In a nutshell… In the Admin sections “Options” menu, “Writing” submenu, a checkbutton exists to indicate if “WordPress should correct invalidly nested XHTML automatically”. This setting is active by default.

The thing is, not only does it not always correct invalidly nested XHTML, it can actually delete some of the text in the post. As the function operates on the post as the post is inserted into the database, that text is gone.

Background… I first tripped up on a variety of formatting problems back when I started using WordPress in earnest, to post about my first set of plugins. At the time I devised various examples exploiting instances of WP eating text or producing invalid (or at least less-than-optimal) XHTML. I quickly discovered that the function balanceTags(), located in the WP file wp-includes/functions-formatting.php was the culprit, being the sole function controlled by the abovementioned checkbutton setting. [Note: Some of the examples I have on the formatting bugs page are related to other aspects of WP, i.e. wpautop() improperly inserting paragraph <p></p> tags.]

Anaylsis… I pondered over balanceTags() for a good while to get a handle on what it was doing and why it was doing it.
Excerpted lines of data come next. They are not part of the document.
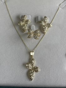 Bijuteriya dəsti kulonlu zəncir, sırğa və üzük, metal |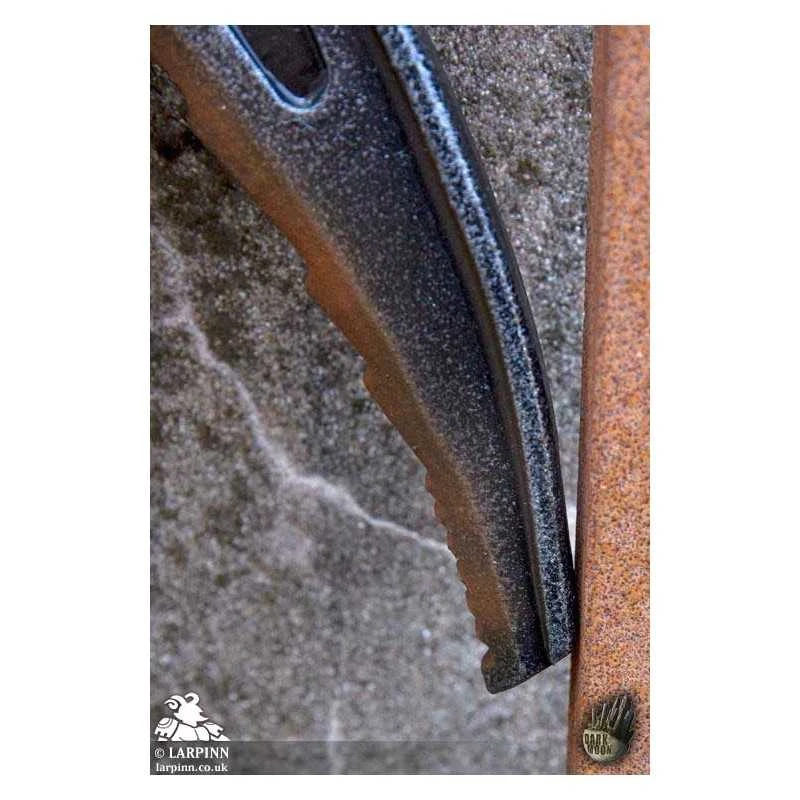 This tool-made-weapon is entirely hand painted with a white handle and metal finishes, and is sculpted from safe EVA foam around a 8 mm solid fibreglass rod core. It is coated with a strong layer of flexible latex. This Ice Axe might be the one thing between your LARP character and the zombies and raiders–and with proper care, it should last longer than your character’s likely survival rate.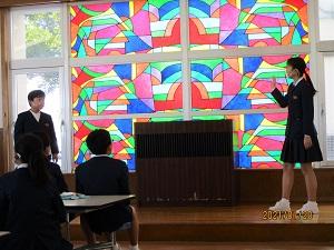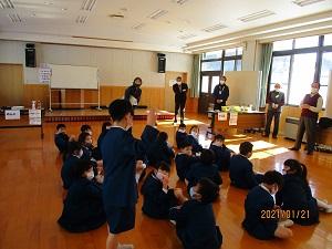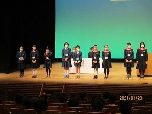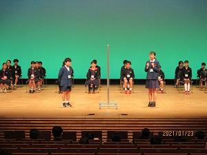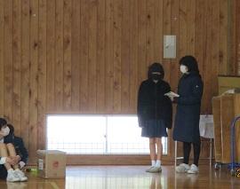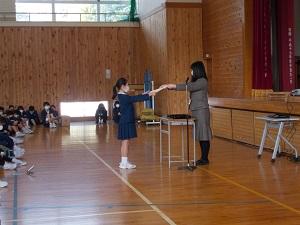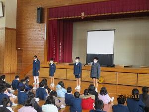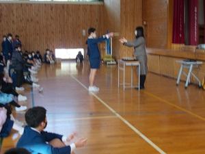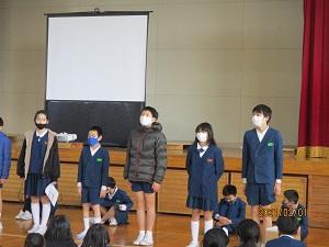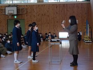 さて2限目には、2月の学校集会がありました。表彰伝達では、書き初め大会、英語スピーチコンテスト、消防標語の表彰がありました。

I believe I fixed the problems. However, I have reservations about putting it forth as a patch just yet because, as this function actually modifies user text permanently (unlike a plugin filtering text on its way to being displayed), I wanted it thoroughly tested.

Before I get to the fixes, let me list the problems associated with balanceTags(). To test these out yourself (easily enough done on a temporary basis that won’t affect your site), simply switch on the “WordPress should correct invalidly nested XHTML automatically” option if it isn’t on already, and compose a new post. When you try one of the samples below (or are making up your own), do a “Save and Continue Editing” (the post won’t be published, but you’ll see how your text was modified by balanceTags()). When you are done testing, turn off the setting if you originally had it off.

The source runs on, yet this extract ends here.